Dabei war die Antwort ganz einfach. Dass dem Batteriegerät irgendwann der Strom ausging, war glaubhaft. Doch es wäre nicht plausibel, wenn die verkabelte Version ebenfalls plötzlich versagte. Gurney zögerte, das zu erklären, weil sich Madeleine bestimmt darüber aufgeregt hätte, dass der Hirte weiterhin Kim nachspüren konnte. Nicht alle Probleme ließen sich gleichzeitig bewältigen, daher waren Kompromisse unabdingbar.
»Also, Dad, willst du uns erzählen, wie es gelaufen ist?«
Gurney drehte sich um und sah seinen Sohn, der soeben barfuß in Jeans und T-Shirt und mit feuchten Haaren vom Duschen kam.

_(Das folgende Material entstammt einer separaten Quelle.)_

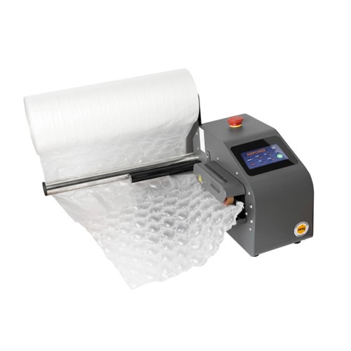 • Compact and efficient air pillow packaging machine suitable for industrial use.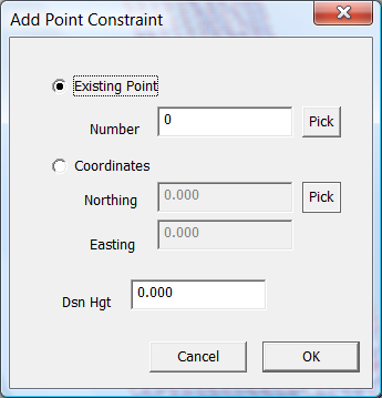 If you wish to enter a new point then click on the "Coordinates" radio button. Enter Northing and Easting, Design Height and press OK. If you want to click in a point, click on the "Pick" button to the right of "Northing". You can then click on the screen at the position you require. The dialog is then redisplayed and you can enter in the "Dsn Hgt" and press OK.

»Ziemlich so, wie ich es gestern Abend beschrieben habe.«
»Sehr viel hast du da leider nicht beschrieben.«
»Wahrscheinlich wollte ich bloß noch ins Bett. Ich war kurz vorm Zusammenklappen. Aber es ist glattgelaufen. Keine Pannen. Ich denke, unsere Geschichte war glaubwürdig.«
»Und jetzt?«
Gurney wollte vor Madeleine nicht völlig offen über sein Vorhaben sprechen, um sie nicht zu beunruhigen. Er antwortete so sachlich wie möglich: »Ich gehe in Position und warte darauf, dass er in die Falle tappt.«
Kyle wirkte skeptisch. »Einfach so?«
Gurney zuckte die Achseln. Madeleine hatte zu lesen aufgehört und beobachtete ihn.
Kyle ließ nicht locker. »Wie lautete die Zauberformel?«
»Bitte?«
»Was habt ihr bei eurer … improvisierten Szene konkret gesagt? Ich meine, welchen Grund habt ihr ihm zum Auftauchen geliefert?«
»Wir haben ihm den Eindruck vermittelt, dass er mich vielleicht loswerden kann. An die genauen Worte erinnere ich mich nicht mehr …«
In diesem Augenblick klingelte sein Handy.
Auf dem Display erkannte er Kims Nummer. Er war dankbar für die Unterbrechung – allerdings dauerte die Dankbarkeit höchstens drei Sekunden.
Sie klang, als würde sie hyperventilieren.